One change involves increasing the minimum number of full-time faculty members for an approved department from four to five. This proposed change would affect approximately 30 of the 670 approved departments. The increase in faculty was proposed for the 2008 revisions, but it was removed because of strong resistance.

Although flexibility was incorporated into the current guidelines, some chemistry department chairs think the guidelines still aren’t flexible enough. For example, a proposed change calls for students to have significant hands-on lab experience, such as a general chemistry course, before starting foundation lab courses.

“We don’t offer the equivalent of an introductory lab anymore,” says Henry Jakubowski, chair of the chemistry department at College of Saint Benedict & Saint John’s University, in St. Joseph, Minn. His department revamped its curriculum after the 2008 revisions, and students now start their foundation lab courses during their first semester.

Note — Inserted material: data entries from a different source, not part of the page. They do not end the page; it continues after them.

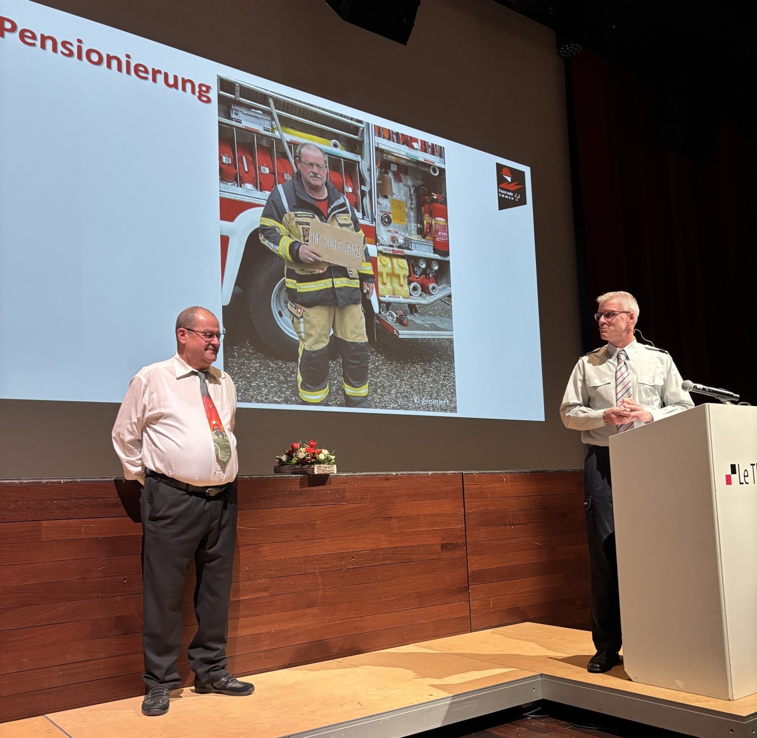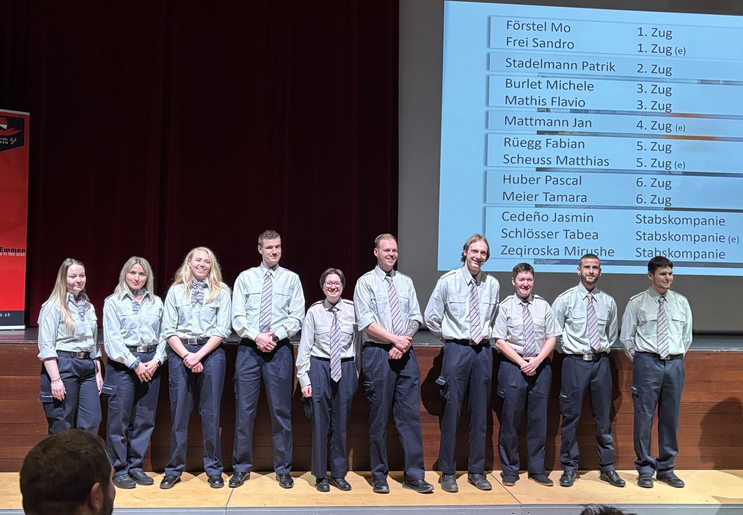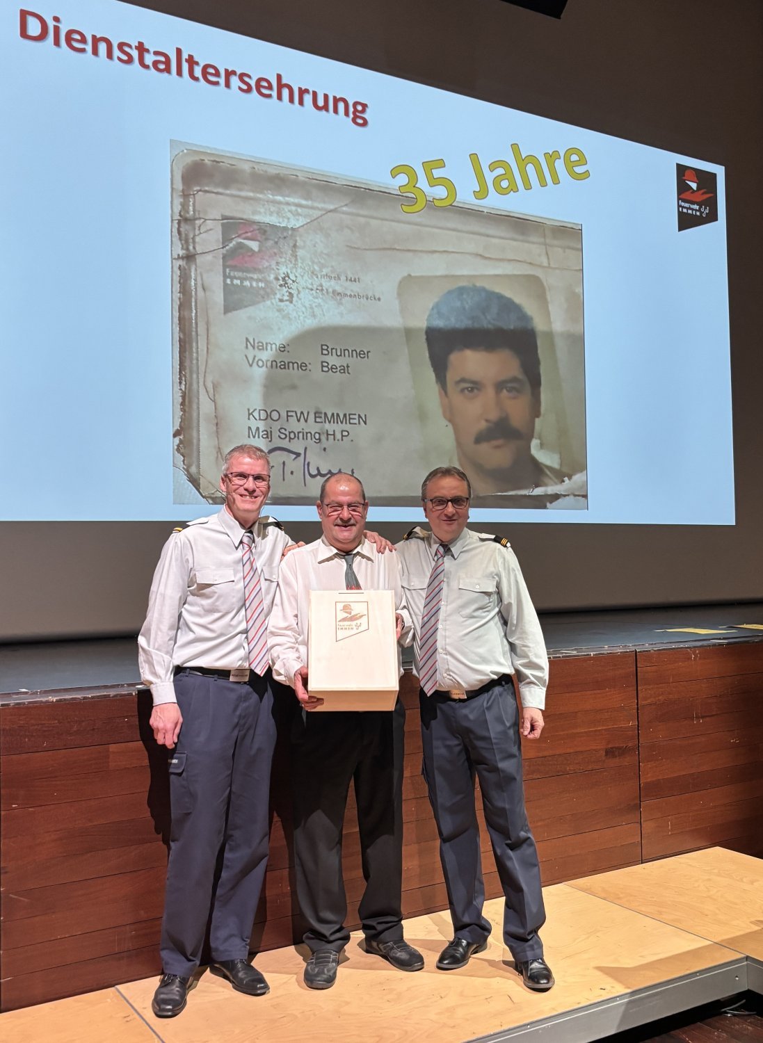 Eindrücklich und mit viel Witz wurde die Kleber-, Anhänger- und Westen- Flut der Feuerwehr Emmen präsentiert und dazwischen von Bannwart Roger herrlich glossiert. Nach der Vorspeise wurden die Feuerwehrleute und Gäste vom Feuerwehrkommandant Hermann Roger begrüsst. In einem ersten Teil hielt der Kommandant Rückschau auf ein normales Feuerwehrjahr. Insgesamt mussten 201 Einsätze bewältigt werden. Vier spezielle Events im vergangenen Jahr wurden durch ihn hervorgehoben. Das waren die zwei unangemeldeten Übungsinspektionen, die Einsatzübung der ganzen Feuerwehr beim SSBL, die grosse Strassenrettungsübung auf der T10 und der Tag der offene Tore vom 31.08.2025. Ebenso wurden zahlreiche Feuerwehrangehörige für ihre langjährige Treue im Feuerwehrdienst geehrt: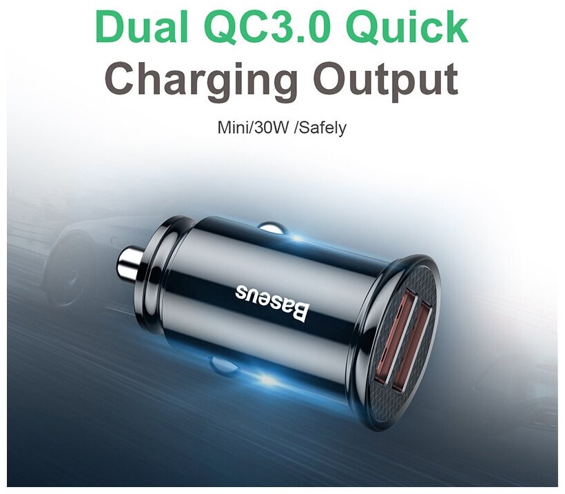 Отзывы на Автомобильное зарядное устройство BASEUS Circular Plastic, 2xUSB, 5A, 30Вт, черный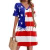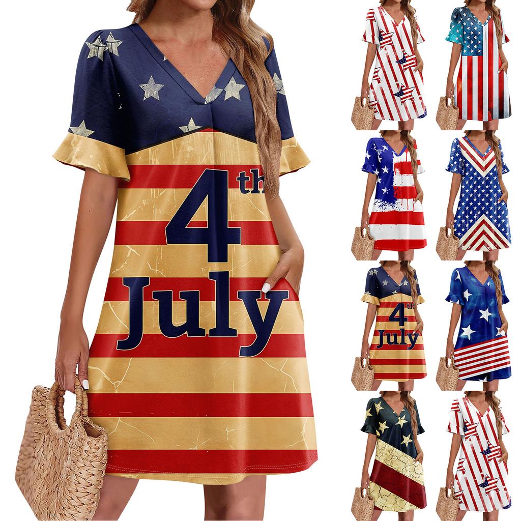 Summer Dresses For Women V Neck Ruffle Short Sleeve Casual Loose Independence Printing Dress Beach Dress With Pockets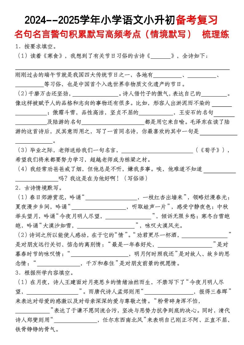 小升初语文【备考复习名句名言警句积累默写高频考点(情境默写)】pdf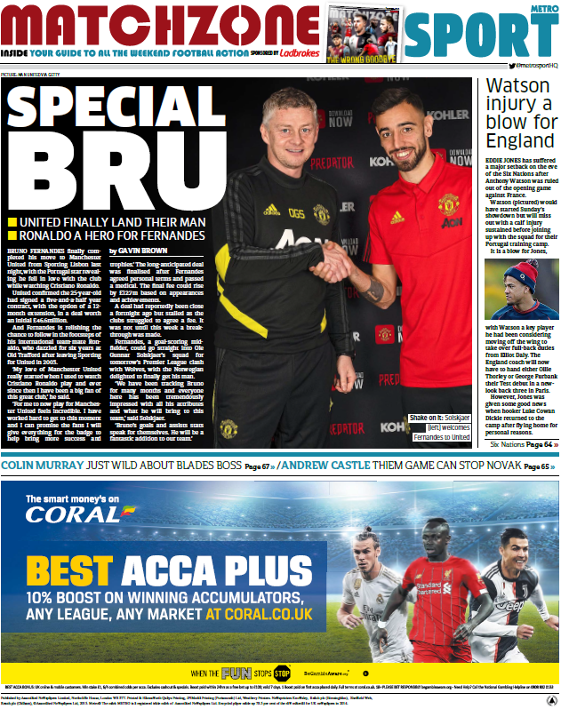 United finally get their man and Eddie Jones loses one of his on Friday's back page. Plus inside,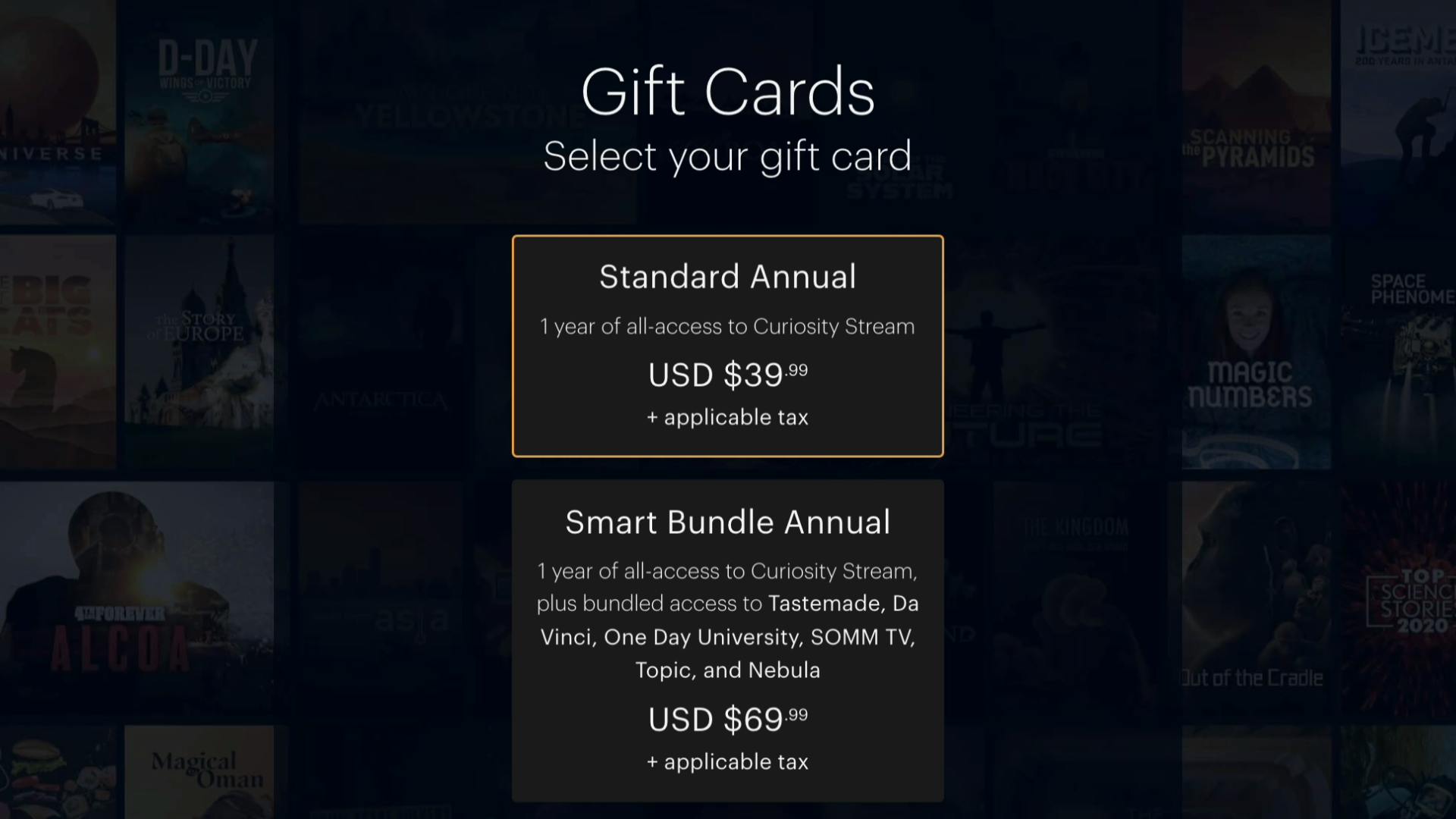 One thing that kind of annoys me when it comes to their pricing because it's so good, but they're not advertising it the way that they should, is under the gift plan. If you go into buy now, you can give the standard the smart bundle and then there's the standard lifetime license. So this is basically you pay one fee, $250, and then you get access to curiositystream forever.

The added flexibility also comes into play for some programs in which the requirement for biochemistry can make it difficult for some students to receive ACS-certified degrees. For example, in the chemistry department at the University of Minnesota, Twin Cities, which is part of the College of Science & Engineering, its students have a strong materials science bent.

“Many of our majors are not interested in biology,” says William B. Tolman, department chair at Minnesota. “They’re doing advanced solid-state chemistry, materials chemistry, and polymer chemistry, but they can’t get a certified degree because they didn’t take biochemistry. The ACS guidelines should be more flexible to enable programs to evolve in these directions.”

Some of the proposed changes are ones of emphasis, in particular when it comes to lab safety. For example, several guidelines are being changed from “shoulds” to “musts.” Among them is a proposal that every program must have an active safety committee.

“The ‘musts’ are deal breakers,” says Joel I. Shulman, a chemistry professor at the University of Cincinnati and former CPT member who is now a consultant to the committee. “If the guidelines say ‘must’ for something, and a program doesn’t do it, they are out of compliance, which can lead to probation.”

McCoy reiterates that CPT’s proposed changes are still just proposals. “Nothing is set in stone,” she says. “Everything is still open for discussion.”

Interested individuals have time to provide feedback, although CPT must receive their comments by Aug. 1 (see page 40). CPT expects that it will begin finalizing the new guidelines in October.

“I was encouraged that so many people were interested and concerned,” says Allan K. Hovland, a chemistry professor at St. Mary’s College of Maryland who attended the New Orleans symposium. It’s important for faculty to be aware of the proposed changes, he asserts, because those changes could have major impacts on their programs.